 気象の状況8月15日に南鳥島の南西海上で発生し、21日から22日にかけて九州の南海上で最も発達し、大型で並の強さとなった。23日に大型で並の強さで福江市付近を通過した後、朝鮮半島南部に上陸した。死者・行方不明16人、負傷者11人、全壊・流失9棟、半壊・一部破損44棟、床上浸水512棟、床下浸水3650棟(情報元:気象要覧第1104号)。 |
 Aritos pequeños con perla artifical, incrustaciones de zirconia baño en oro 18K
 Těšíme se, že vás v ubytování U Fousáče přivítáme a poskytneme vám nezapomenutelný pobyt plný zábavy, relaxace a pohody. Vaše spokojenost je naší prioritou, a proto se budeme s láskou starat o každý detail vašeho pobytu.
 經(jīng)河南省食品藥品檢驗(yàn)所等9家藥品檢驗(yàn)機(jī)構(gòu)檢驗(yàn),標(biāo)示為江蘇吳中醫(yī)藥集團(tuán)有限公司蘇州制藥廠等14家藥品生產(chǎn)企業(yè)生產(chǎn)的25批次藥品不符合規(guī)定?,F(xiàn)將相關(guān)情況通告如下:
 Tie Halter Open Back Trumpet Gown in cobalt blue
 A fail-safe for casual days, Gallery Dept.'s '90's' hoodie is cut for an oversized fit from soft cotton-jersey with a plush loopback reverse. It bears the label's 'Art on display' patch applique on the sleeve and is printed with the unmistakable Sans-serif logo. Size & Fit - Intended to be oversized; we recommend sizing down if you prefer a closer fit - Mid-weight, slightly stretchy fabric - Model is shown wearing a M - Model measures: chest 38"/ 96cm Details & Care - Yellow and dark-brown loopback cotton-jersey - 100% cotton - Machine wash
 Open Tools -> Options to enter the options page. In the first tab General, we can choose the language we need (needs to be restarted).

--

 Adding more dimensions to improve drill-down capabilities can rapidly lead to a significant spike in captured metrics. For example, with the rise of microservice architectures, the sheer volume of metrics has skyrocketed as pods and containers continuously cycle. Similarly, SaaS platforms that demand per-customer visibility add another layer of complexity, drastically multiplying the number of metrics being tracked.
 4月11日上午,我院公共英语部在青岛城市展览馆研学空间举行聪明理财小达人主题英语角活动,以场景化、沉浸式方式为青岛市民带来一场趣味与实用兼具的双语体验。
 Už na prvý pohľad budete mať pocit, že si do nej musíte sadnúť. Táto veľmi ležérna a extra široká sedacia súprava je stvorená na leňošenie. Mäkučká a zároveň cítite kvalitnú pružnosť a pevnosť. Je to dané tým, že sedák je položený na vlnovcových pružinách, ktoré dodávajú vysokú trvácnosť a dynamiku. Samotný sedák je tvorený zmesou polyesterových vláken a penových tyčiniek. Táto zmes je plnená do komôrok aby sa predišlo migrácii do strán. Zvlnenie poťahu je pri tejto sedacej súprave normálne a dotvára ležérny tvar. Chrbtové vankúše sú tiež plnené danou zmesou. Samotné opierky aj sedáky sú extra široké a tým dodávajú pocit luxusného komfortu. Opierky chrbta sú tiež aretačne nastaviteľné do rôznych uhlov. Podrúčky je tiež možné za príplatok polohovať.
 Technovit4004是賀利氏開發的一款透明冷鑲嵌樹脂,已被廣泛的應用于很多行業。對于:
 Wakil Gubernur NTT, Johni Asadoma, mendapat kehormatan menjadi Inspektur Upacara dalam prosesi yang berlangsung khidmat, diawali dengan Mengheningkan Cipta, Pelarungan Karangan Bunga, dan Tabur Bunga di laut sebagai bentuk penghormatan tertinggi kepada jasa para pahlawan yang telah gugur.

--

TASK DIRECTIONS: Going down the listing above, begin printing at the line with "Už na prvý pohľad" and finish with the line with "Wakil Gubernur NTT, Johni", exactly as they appear.

YOUR SOLUTION:
 Už na prvý pohľad budete mať pocit, že si do nej musíte sadnúť. Táto veľmi ležérna a extra široká sedacia súprava je stvorená na leňošenie. Mäkučká a zároveň cítite kvalitnú pružnosť a pevnosť. Je to dané tým, že sedák je položený na vlnovcových pružinách, ktoré dodávajú vysokú trvácnosť a dynamiku. Samotný sedák je tvorený zmesou polyesterových vláken a penových tyčiniek. Táto zmes je plnená do komôrok aby sa predišlo migrácii do strán. Zvlnenie poťahu je pri tejto sedacej súprave normálne a dotvára ležérny tvar. Chrbtové vankúše sú tiež plnené danou zmesou. Samotné opierky aj sedáky sú extra široké a tým dodávajú pocit luxusného komfortu. Opierky chrbta sú tiež aretačne nastaviteľné do rôznych uhlov. Podrúčky je tiež možné za príplatok polohovať.
 Technovit4004是賀利氏開發的一款透明冷鑲嵌樹脂,已被廣泛的應用于很多行業。對于:
 Wakil Gubernur NTT, Johni Asadoma, mendapat kehormatan menjadi Inspektur Upacara dalam prosesi yang berlangsung khidmat, diawali dengan Mengheningkan Cipta, Pelarungan Karangan Bunga, dan Tabur Bunga di laut sebagai bentuk penghormatan tertinggi kepada jasa para pahlawan yang telah gugur.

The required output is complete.